Before printing, remove every picture; then print the lines below exactly, from the first line through the line containing "国産りんごのプレザーブと自家".

### [RECORDED INFORMATION]
####################

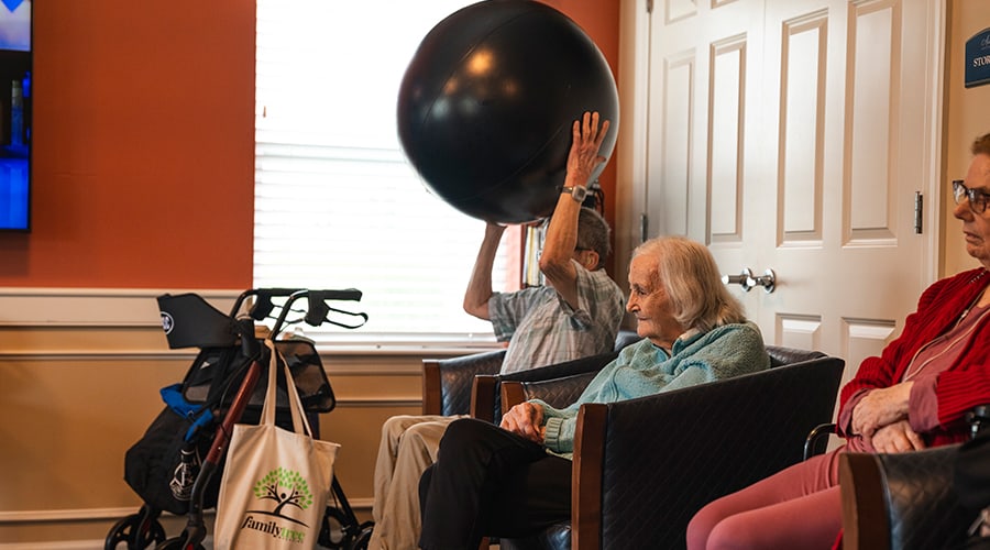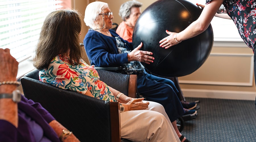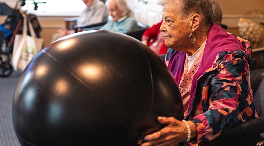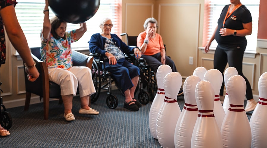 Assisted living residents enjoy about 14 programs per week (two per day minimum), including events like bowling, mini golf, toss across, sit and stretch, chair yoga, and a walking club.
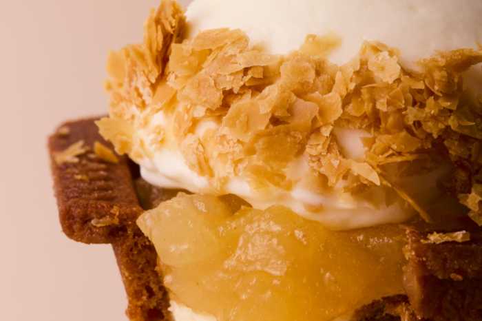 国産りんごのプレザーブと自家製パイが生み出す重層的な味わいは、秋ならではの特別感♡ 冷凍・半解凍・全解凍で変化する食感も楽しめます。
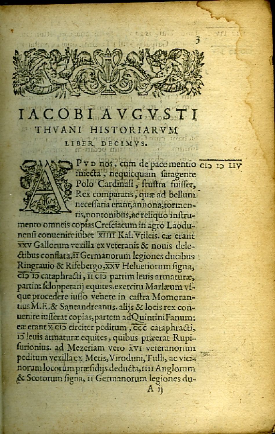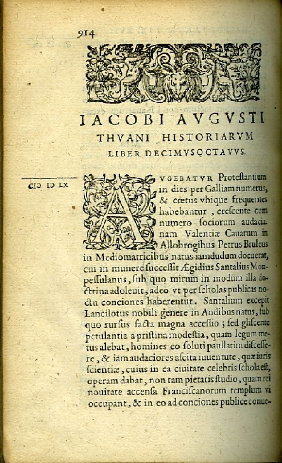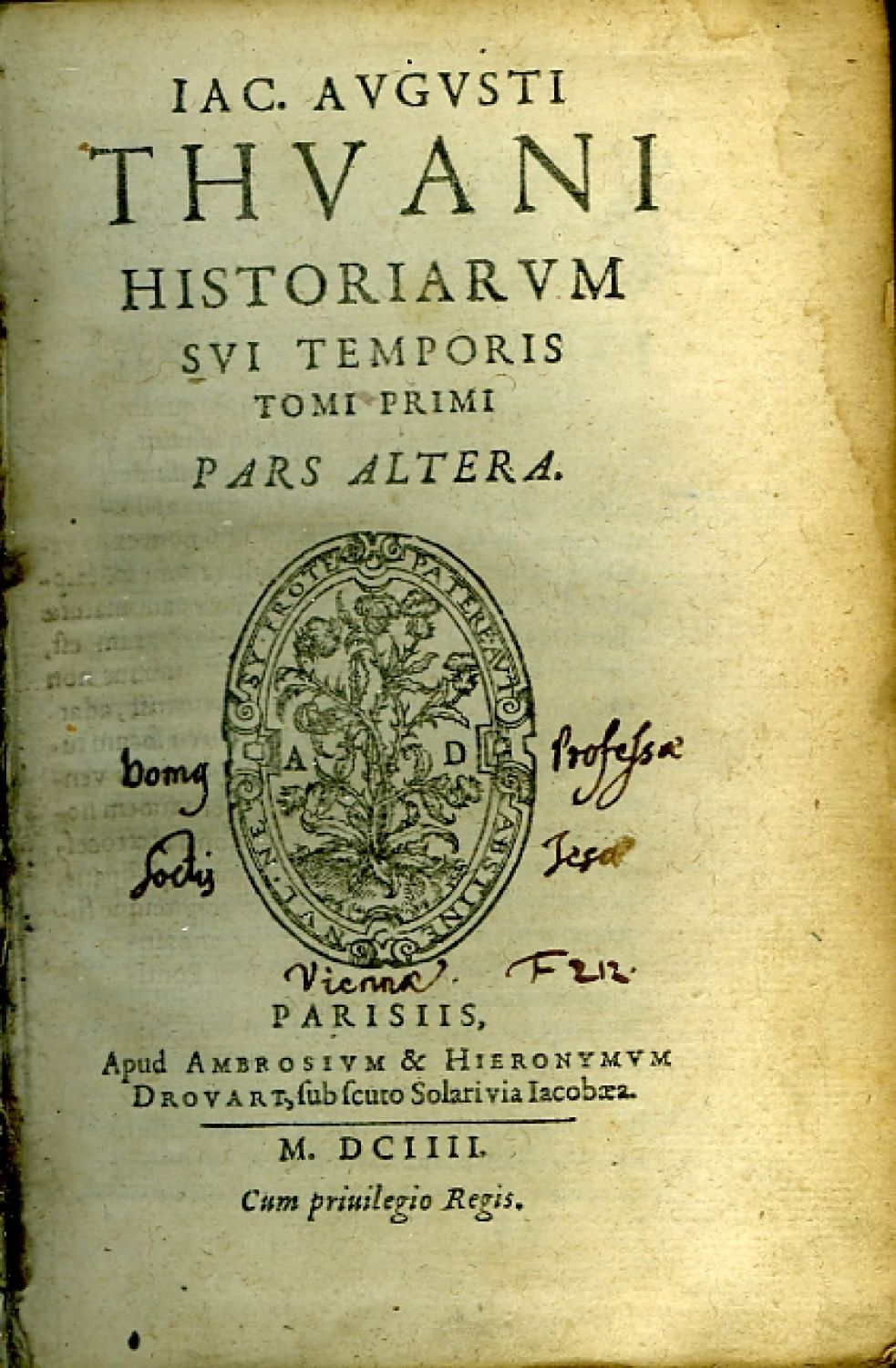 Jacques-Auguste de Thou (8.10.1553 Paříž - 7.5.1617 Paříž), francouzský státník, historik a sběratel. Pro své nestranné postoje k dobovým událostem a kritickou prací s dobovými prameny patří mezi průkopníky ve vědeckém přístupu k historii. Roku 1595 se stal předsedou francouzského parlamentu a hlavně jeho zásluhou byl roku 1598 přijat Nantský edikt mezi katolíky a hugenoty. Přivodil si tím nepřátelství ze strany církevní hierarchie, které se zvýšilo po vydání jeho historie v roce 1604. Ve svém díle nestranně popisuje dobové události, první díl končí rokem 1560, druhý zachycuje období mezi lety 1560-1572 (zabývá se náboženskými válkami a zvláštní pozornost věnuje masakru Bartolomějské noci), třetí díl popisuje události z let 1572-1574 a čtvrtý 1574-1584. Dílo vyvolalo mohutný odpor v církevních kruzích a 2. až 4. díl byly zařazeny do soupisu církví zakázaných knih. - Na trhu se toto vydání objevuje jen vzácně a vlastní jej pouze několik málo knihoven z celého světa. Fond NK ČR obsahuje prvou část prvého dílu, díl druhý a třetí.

####################

### [REPLY]
 Assisted living residents enjoy about 14 programs per week (two per day minimum), including events like bowling, mini golf, toss across, sit and stretch, chair yoga, and a walking club.
 国産りんごのプレザーブと自家製パイが生み出す重層的な味わいは、秋ならではの特別感♡ 冷凍・半解凍・全解凍で変化する食感も楽しめます。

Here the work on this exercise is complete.